ACTIVITY:
Would you copy exactly the lines in the data below from the one that has "Black Chic Patch" through the one that has "I suppose you’re", dropping any pictures?

====== DATA TO PROCESS ======

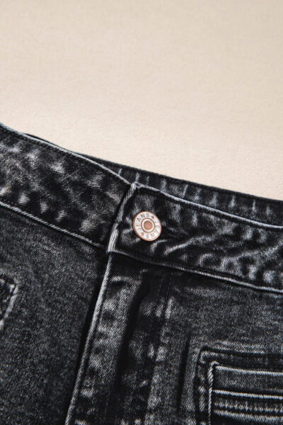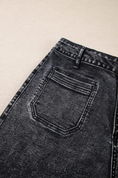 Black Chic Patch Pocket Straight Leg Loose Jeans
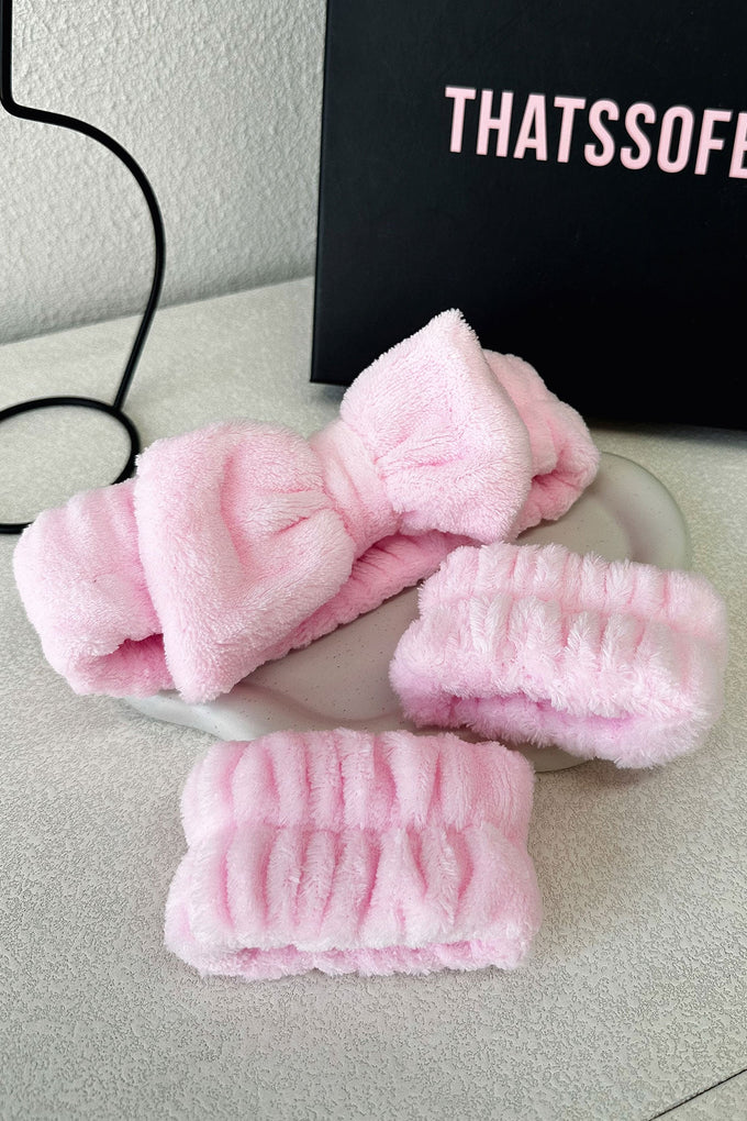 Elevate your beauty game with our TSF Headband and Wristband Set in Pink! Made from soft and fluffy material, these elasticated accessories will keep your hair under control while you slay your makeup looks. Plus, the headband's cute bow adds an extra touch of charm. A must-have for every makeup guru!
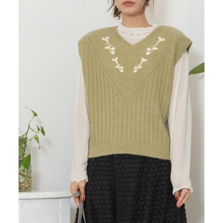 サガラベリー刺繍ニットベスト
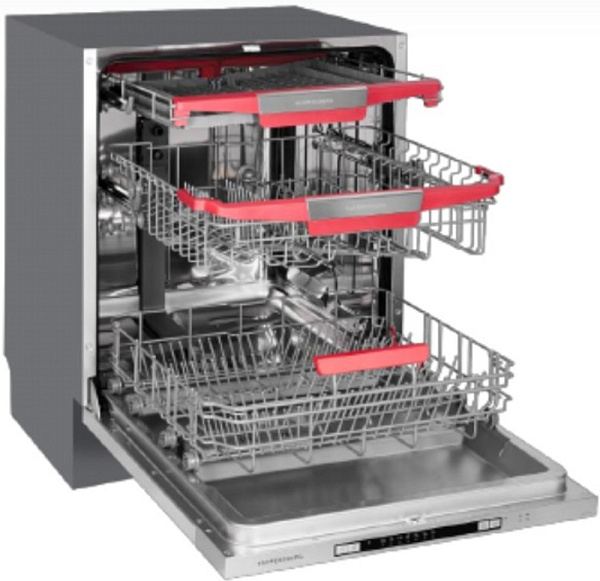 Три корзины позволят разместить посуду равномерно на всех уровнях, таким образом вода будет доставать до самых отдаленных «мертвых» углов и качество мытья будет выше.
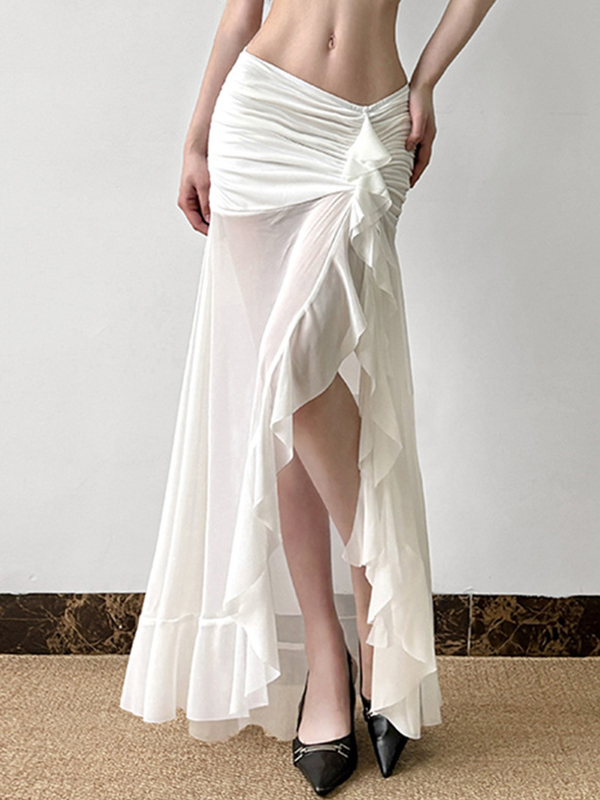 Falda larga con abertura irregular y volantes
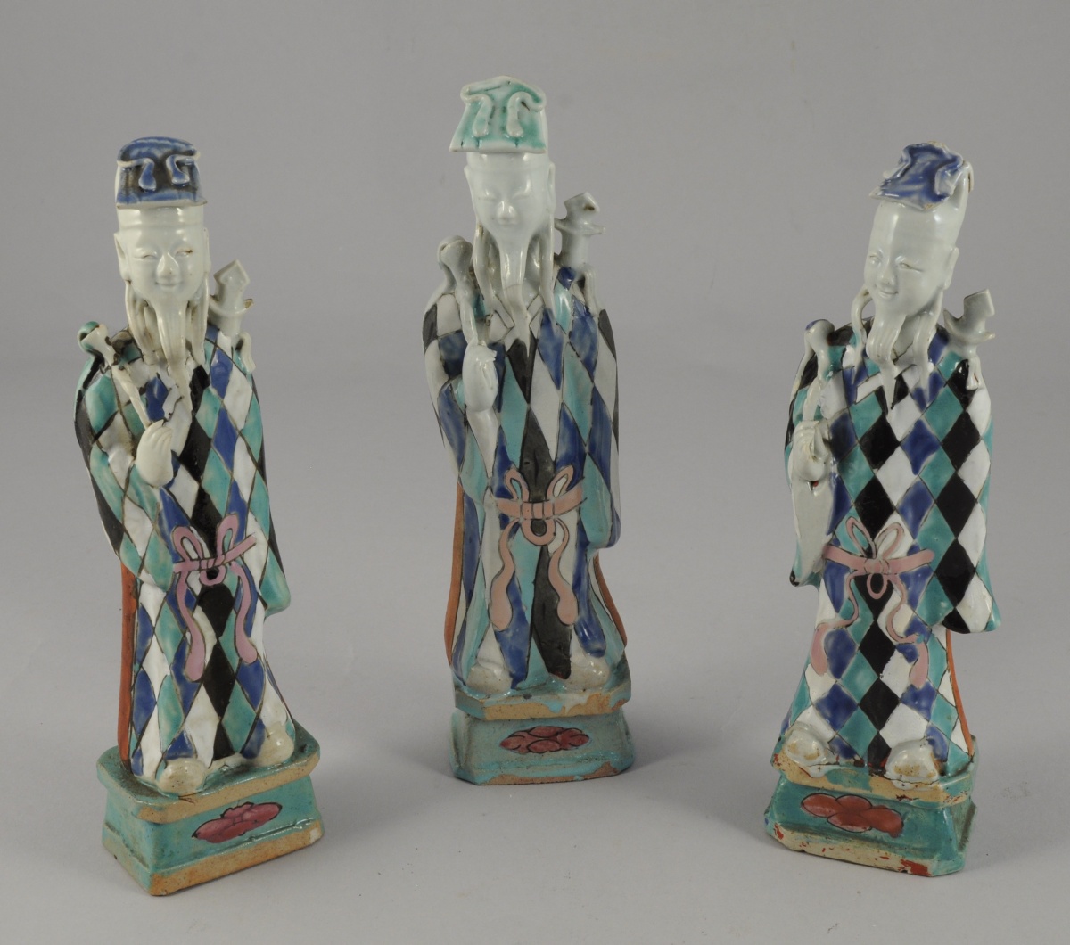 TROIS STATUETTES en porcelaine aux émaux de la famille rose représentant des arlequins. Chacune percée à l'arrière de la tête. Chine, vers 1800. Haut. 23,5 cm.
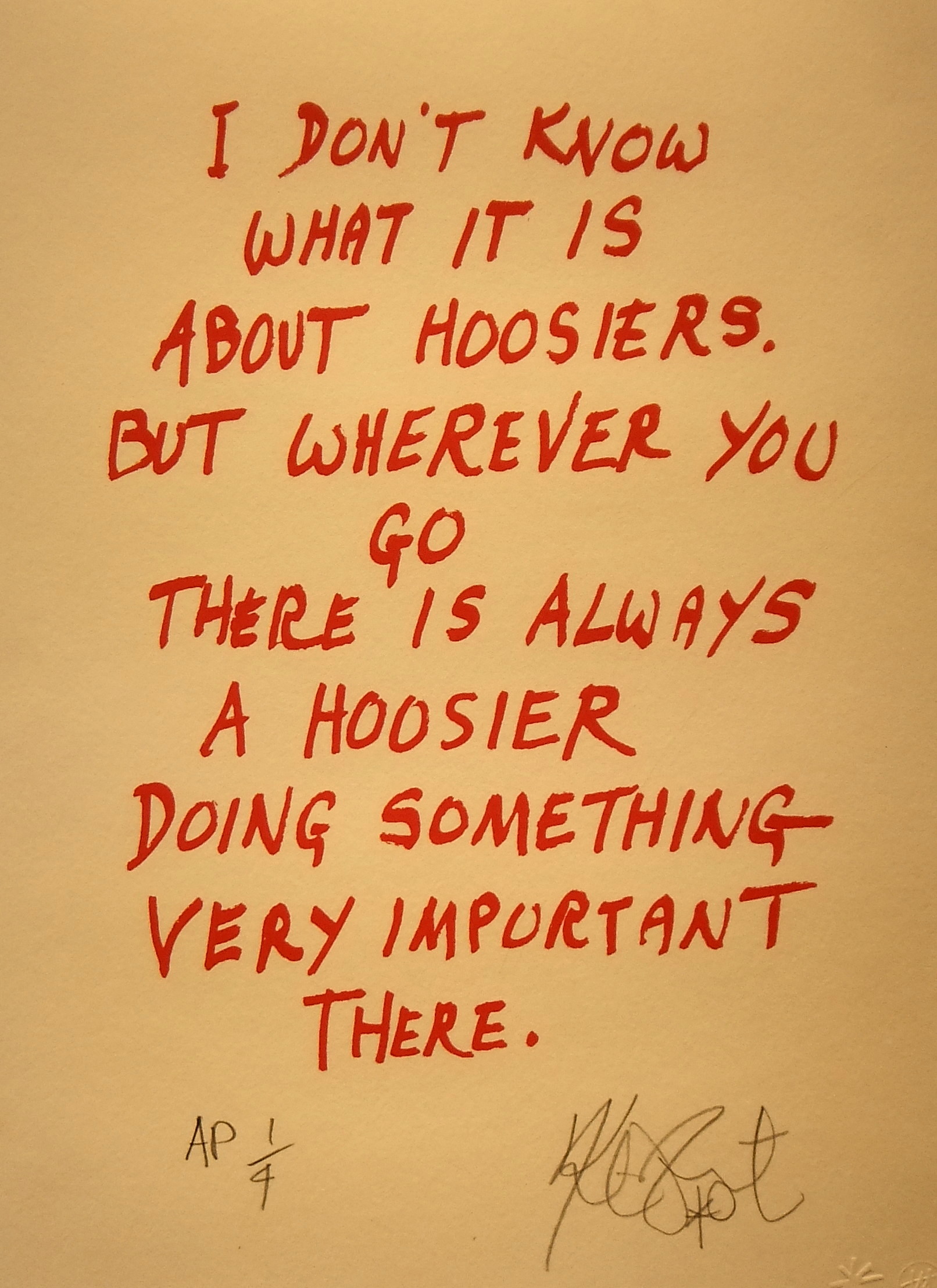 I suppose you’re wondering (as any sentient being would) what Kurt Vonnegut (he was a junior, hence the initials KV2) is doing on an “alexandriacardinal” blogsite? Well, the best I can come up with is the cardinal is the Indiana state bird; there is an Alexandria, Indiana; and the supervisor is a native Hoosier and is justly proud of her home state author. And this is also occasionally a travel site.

======
====== DATA TO PROCESS ======

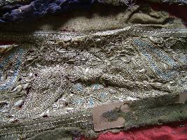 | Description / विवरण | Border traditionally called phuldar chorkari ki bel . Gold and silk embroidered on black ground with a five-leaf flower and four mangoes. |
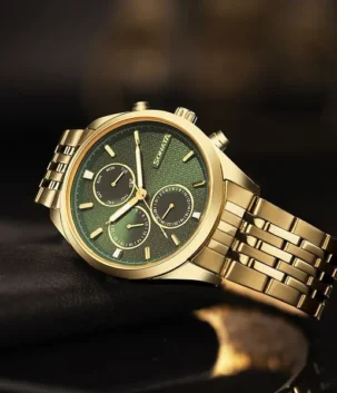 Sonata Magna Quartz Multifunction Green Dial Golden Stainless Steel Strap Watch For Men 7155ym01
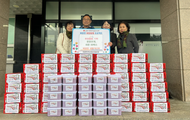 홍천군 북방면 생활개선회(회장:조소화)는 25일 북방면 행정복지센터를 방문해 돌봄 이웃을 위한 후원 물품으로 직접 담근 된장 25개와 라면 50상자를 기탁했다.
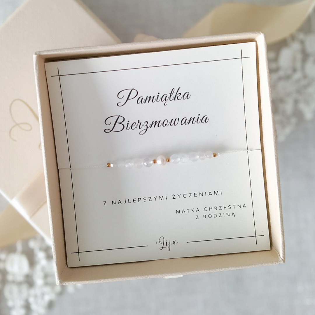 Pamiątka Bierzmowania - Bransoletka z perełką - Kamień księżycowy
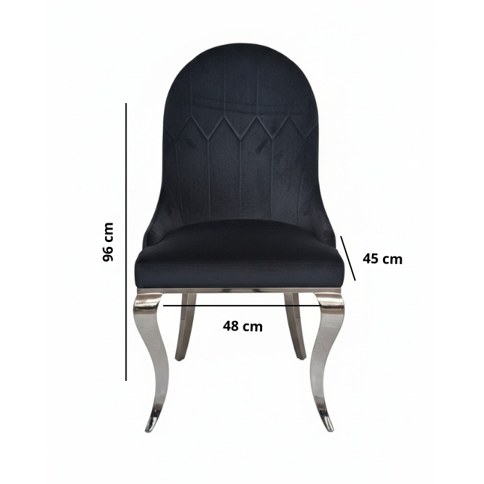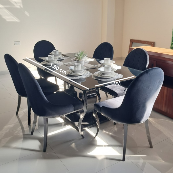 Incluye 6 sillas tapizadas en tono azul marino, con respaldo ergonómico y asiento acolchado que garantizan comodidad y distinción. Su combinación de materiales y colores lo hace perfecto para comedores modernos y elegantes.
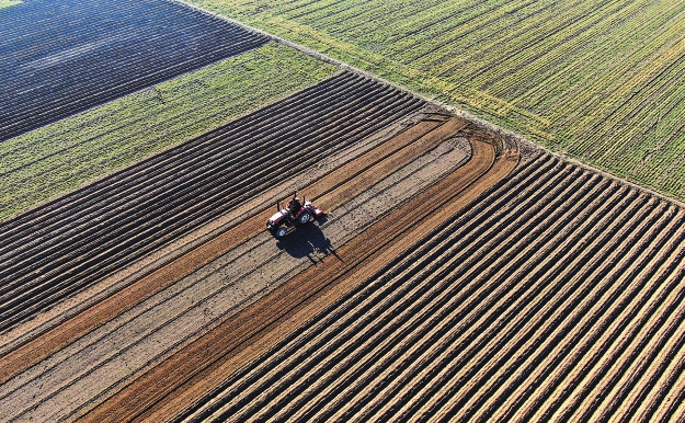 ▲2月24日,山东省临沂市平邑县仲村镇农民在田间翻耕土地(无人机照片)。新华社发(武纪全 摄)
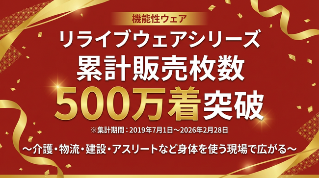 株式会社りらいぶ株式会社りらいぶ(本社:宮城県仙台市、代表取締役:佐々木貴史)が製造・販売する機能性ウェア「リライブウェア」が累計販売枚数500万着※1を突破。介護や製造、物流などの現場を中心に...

======

SOLUTION TO THIS EXERCISE:
 Black Chic Patch Pocket Straight Leg Loose Jeans
 Elevate your beauty game with our TSF Headband and Wristband Set in Pink! Made from soft and fluffy material, these elasticated accessories will keep your hair under control while you slay your makeup looks. Plus, the headband's cute bow adds an extra touch of charm. A must-have for every makeup guru!
 サガラベリー刺繍ニットベスト
 Три корзины позволят разместить посуду равномерно на всех уровнях, таким образом вода будет доставать до самых отдаленных «мертвых» углов и качество мытья будет выше.
 Falda larga con abertura irregular y volantes
 TROIS STATUETTES en porcelaine aux émaux de la famille rose représentant des arlequins. Chacune percée à l'arrière de la tête. Chine, vers 1800. Haut. 23,5 cm.
 I suppose you’re wondering (as any sentient being would) what Kurt Vonnegut (he was a junior, hence the initials KV2) is doing on an “alexandriacardinal” blogsite? Well, the best I can come up with is the cardinal is the Indiana state bird; there is an Alexandria, Indiana; and the supervisor is a native Hoosier and is justly proud of her home state author. And this is also occasionally a travel site.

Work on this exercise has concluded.